“Out of the Software Crisis”: Making Software

The following is an extension of my notes from Baldur’s book “Out of the Software Crisis” including quotes from the author.

More manpower !== more innovation.

design innovation isn’t generally a question of team size but more about having the resources and freedom to experiment towards a flexible goal

Quarterly planning, retreats, and other planning-related ceremony often work against flexible goals — “We spent all this time and money coming up with these plans, now we gotta stick to ‘em!”

[many companies] look at their goals first, decide what outcomes they want (or need), and then work out ways to change their systems to accomplish those outcomes.

“Freedom to experiment” and “flexibility” are the important parts of a goal, which means the notion of change should be baked into the plan because making software is a creative act.

Software development is a creative field.
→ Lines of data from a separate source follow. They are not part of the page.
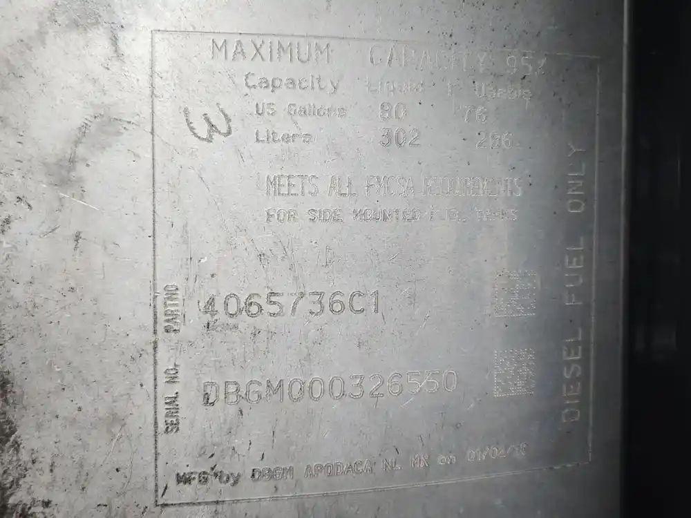 (Used) 2019 International LT625, FUEL TANK- Part Number: 4065736C1, Serial Number: DBGM000326550, Side: Passenger Right Side, Capacity: 80 Gallons, Material: Aluminum, Shape: Cylinder, Dimensions: L=36", D=26.5",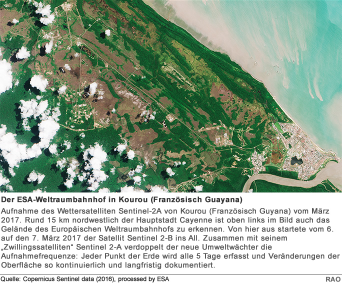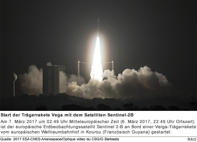 Knapp zwei Jahre nach seinem "Zwillingssatelliten" ist am 7. März 2017 um 2.49 Uhr Mitteleuropäischer Zeit (6. März, 22.49 Uhr Ortszeit) der europäische Erdbeobachtungssatellit Sentinel-2B an Bord einer Vega-Trägerrakete vom europäischen Weltraumbahnhof der ESA in Kourou (Französisch-Guyana/Südamerika) zu seiner Mission gestartet. Der zirka 1,1 Tonnen schwere Satellit soll aus 786 Kilometern Höhe von einem sonnensynchronen Orbit unsere Erde beobachten und vor allem Veränderungen der Landoberfläche und der Vegetation zwischen 84 Grad nördlicher und 56 Grad südlicher Breite dokumentieren: Reicht die Ernte für die Bevölkerung aus? Wie intensiv sollten Bauern düngen? Wie gesund sind unsere Wälder? Sentinel-2B beobachtet alle Landflächen der Erde ausser der Antarktis, einschliesslich aller Inseln, die zur EU gehören und allen weiteren Inseln, die grösser als 100 Quadratkilometer sind; aber auch Küstenzonen, sämtliche Binnengewässer, das Mittelmeer und weitere abgeschlossene Meere.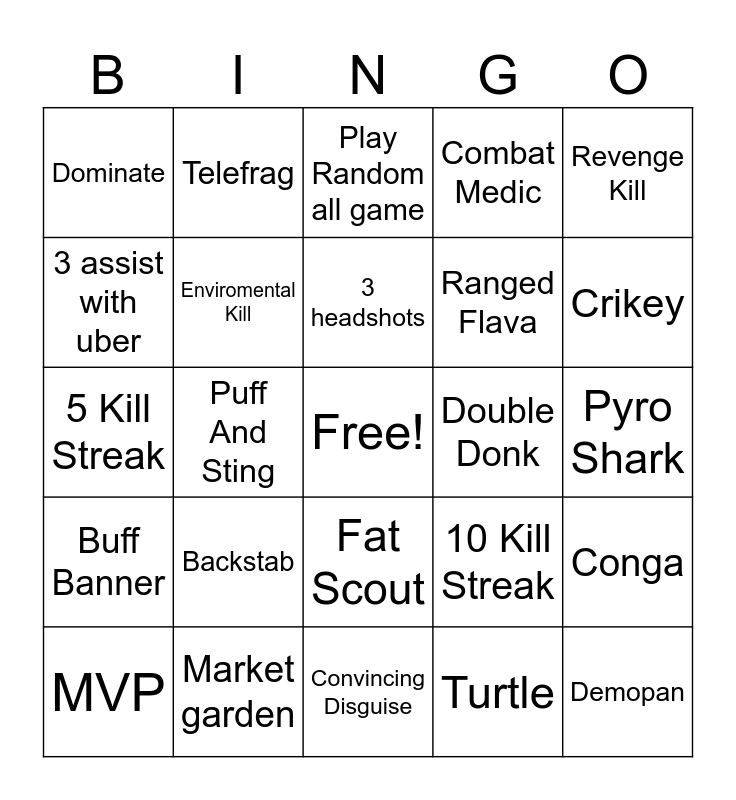 This bingo card has a free space and 24 words: Backstab, Market garden, 3 headshots, MVP, Revenge Kill, Dominate, 3 assist with uber, Telefrag, Double Donk, Fat Scout, Ranged Flava, 5 Kill Streak, 10 Kill Streak, Conga, Enviromental Kill, Turtle, Pyro Shark, Play Random all game, Crikey, Puff And Sting, Demopan, Buff Banner, Combat Medic and Convincing Disguise.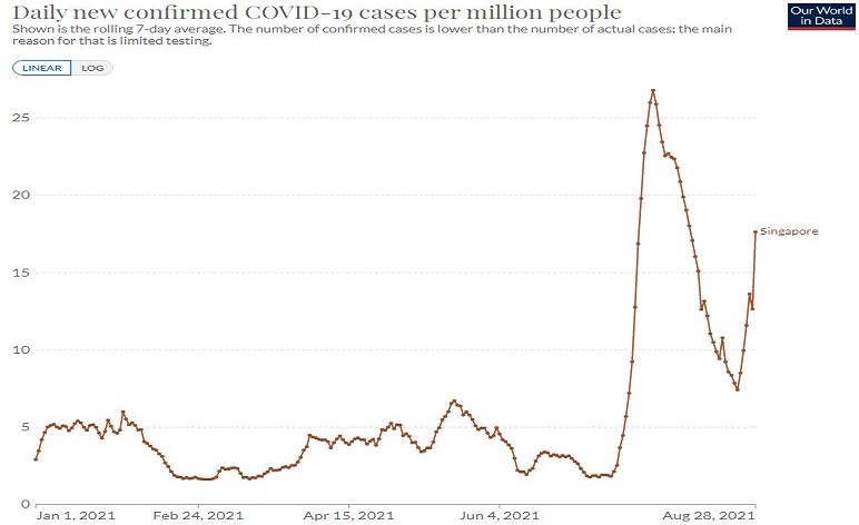 シンガポールでは、ワクチンの接種率が80%になったがやっぱり感染が止まらなかった。イスラエルと同じ現象が発生している。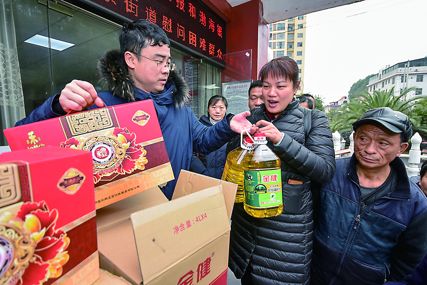 ▲昨日,渤海银行株洲分行工作人员为特困群众送年货 记者 刘震 摄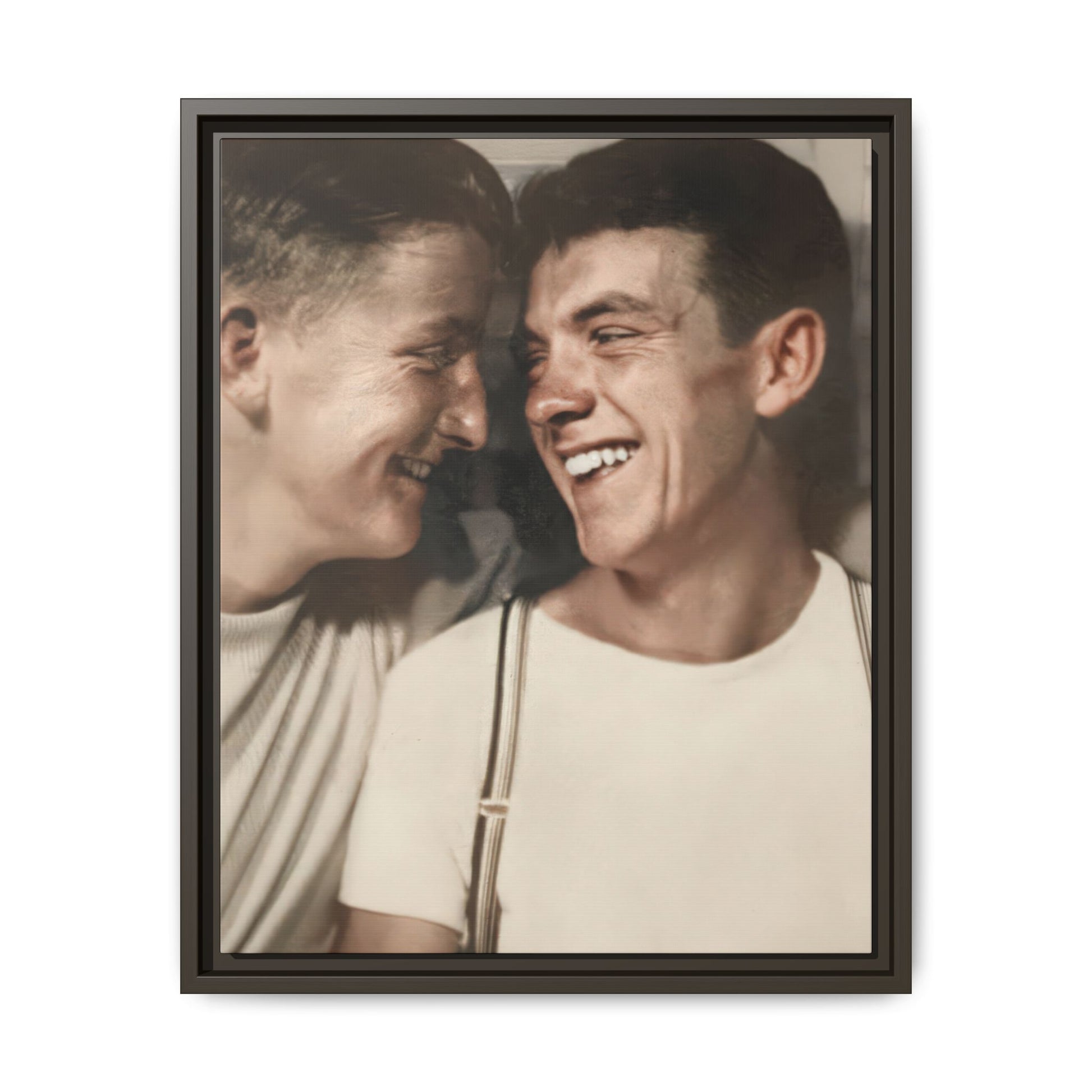 Title: Close Double Portrait of Two Men in Photobooth

It has more in common with filmmaking than it does with bridge-building.

Sometimes you have to be willing to forgo deciding on an exact destination before you begin your journey.

Management also needs to live with not being able to set specific strategic goals. Instead of managing the organization like a ship, steering it one direction or another, they need to concentrate on managing its capabilities, nurture the system it has, and plan around the kinds of outcomes the company is capable of instead of specific ones.

I love that articulation. It’s less about where you’re going and more about how you’re capable of moving.

Are your capabilities two feet (walking), four wheels (car), an outboard motor (boat), jet engines (airplane), or rockets (spacecraft)? Each of those will take you to very different destinations, maybe down the street, across town, across the lake, across continents, or even in to space!

Focus on, foster, and grow your capabilities, then cede direction to where those can take you. Don’t set the destination regardless of capability but allow capability to lead towards destination.

Baldur draws an interesting parallel here to startups:

[startups] build their organization—their system—around specific capabilities and approaches. What matters is to find an outcome that the system can generate reliably and has a viable market.

Hence the idea of pivoting — and acquisitions. It’s about getting a team of people working in a system that can generate something of value, regardless of what the thing actually is. What is acquired (or acui-hired) is primarily the system of people working together and their capabilities, and only secondarily the (by)product of their work.

Every new organization begins with specific capabilities and emerging specializations based on the founders, first staff, local community, economy, environment, and initial resources. To have even a hope of success, they need to build on that proto-system, look for opportunities it can be applied to, and feed it into existence.